DATA FOR THE TASK —

=-=-=

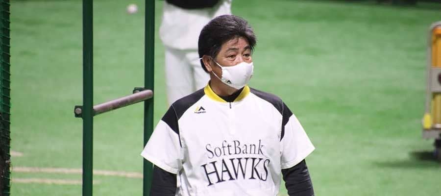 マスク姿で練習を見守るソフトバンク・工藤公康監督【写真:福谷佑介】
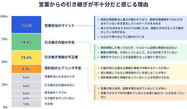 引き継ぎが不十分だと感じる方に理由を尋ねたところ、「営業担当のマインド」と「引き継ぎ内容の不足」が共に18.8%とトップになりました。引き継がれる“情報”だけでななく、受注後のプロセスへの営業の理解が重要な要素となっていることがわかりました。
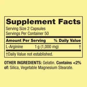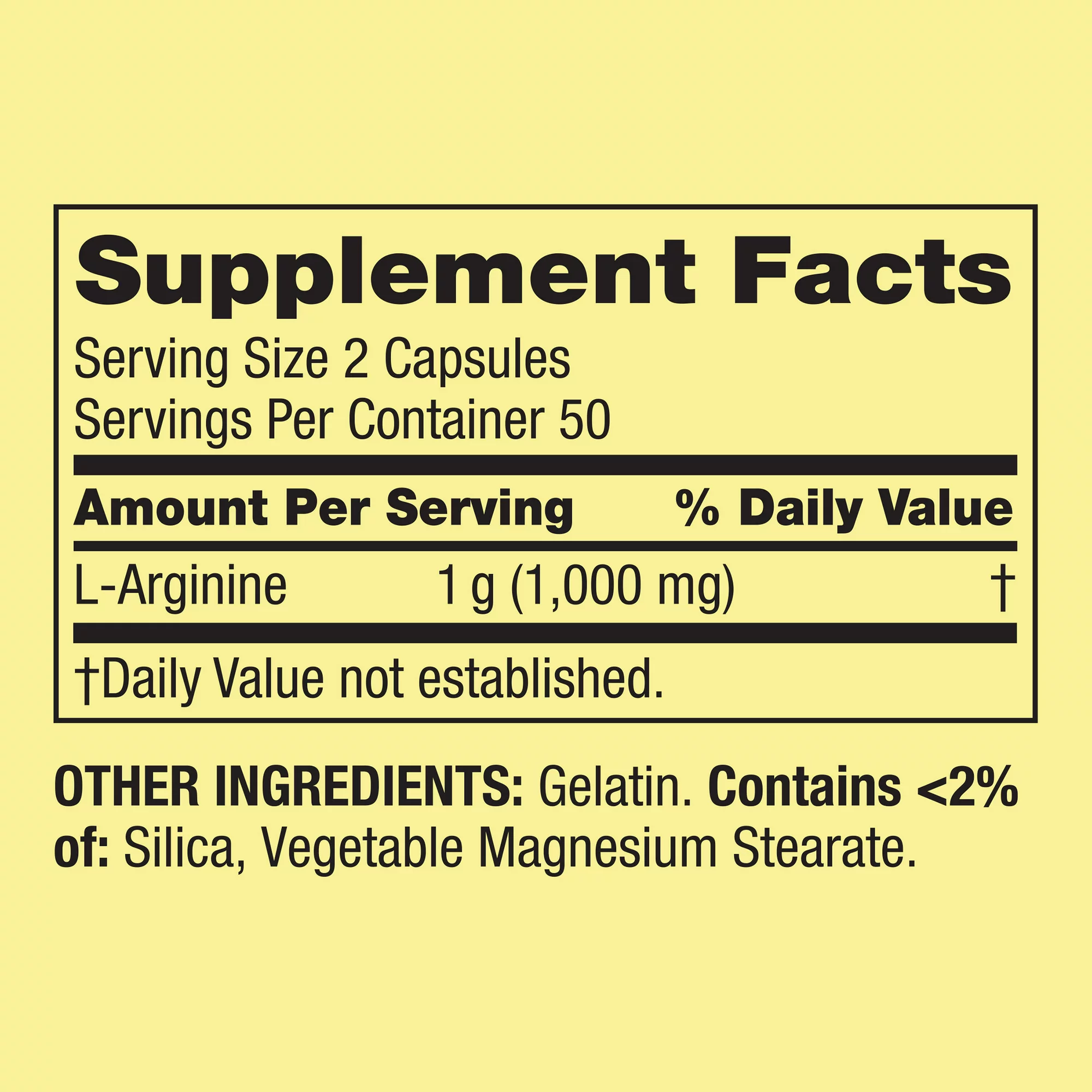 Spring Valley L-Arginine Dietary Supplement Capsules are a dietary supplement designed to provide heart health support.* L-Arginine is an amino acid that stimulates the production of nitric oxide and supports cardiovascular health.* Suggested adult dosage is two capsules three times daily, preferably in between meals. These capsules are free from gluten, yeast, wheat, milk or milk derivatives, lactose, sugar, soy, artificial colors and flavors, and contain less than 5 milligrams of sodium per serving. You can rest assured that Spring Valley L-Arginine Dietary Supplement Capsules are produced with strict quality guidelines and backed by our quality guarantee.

=-=-=

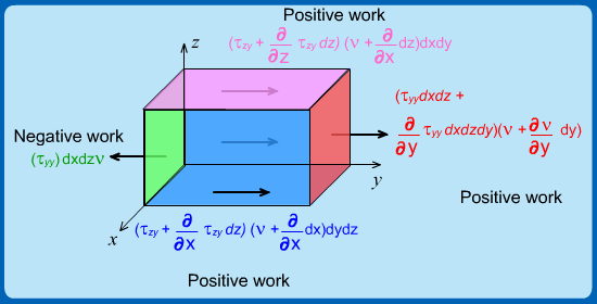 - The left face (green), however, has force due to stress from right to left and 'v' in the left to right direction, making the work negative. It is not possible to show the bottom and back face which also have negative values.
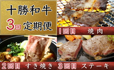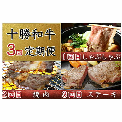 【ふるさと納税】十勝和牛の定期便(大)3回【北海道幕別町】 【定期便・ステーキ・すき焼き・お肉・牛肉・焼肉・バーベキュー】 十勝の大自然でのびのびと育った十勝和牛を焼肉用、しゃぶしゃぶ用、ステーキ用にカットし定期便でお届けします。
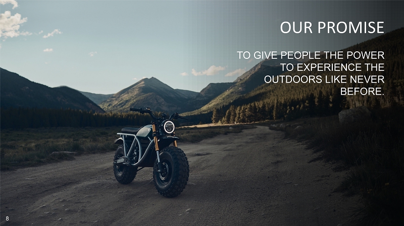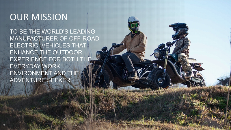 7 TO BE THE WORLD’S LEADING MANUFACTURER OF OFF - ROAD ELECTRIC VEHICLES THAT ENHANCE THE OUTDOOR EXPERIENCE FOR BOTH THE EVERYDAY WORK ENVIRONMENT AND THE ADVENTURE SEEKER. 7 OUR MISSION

=-=-=

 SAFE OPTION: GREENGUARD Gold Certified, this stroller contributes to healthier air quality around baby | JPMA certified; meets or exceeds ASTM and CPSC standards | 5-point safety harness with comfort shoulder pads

=-=-=

ACTIVITY — Reproduce the data above exactly, but only from the line containing "マスク姿で練習を見守るソフトバンク・工藤公康監督【写真:福谷佑介】" through the line containing "Spring Valley L-Arginine Dietary Supplement Capsules are a"; skip the pictures.

RESPONSE BOX —
 マスク姿で練習を見守るソフトバンク・工藤公康監督【写真:福谷佑介】
 引き継ぎが不十分だと感じる方に理由を尋ねたところ、「営業担当のマインド」と「引き継ぎ内容の不足」が共に18.8%とトップになりました。引き継がれる“情報”だけでななく、受注後のプロセスへの営業の理解が重要な要素となっていることがわかりました。
 Spring Valley L-Arginine Dietary Supplement Capsules are a dietary supplement designed to provide heart health support.* L-Arginine is an amino acid that stimulates the production of nitric oxide and supports cardiovascular health.* Suggested adult dosage is two capsules three times daily, preferably in between meals. These capsules are free from gluten, yeast, wheat, milk or milk derivatives, lactose, sugar, soy, artificial colors and flavors, and contain less than 5 milligrams of sodium per serving. You can rest assured that Spring Valley L-Arginine Dietary Supplement Capsules are produced with strict quality guidelines and backed by our quality guarantee.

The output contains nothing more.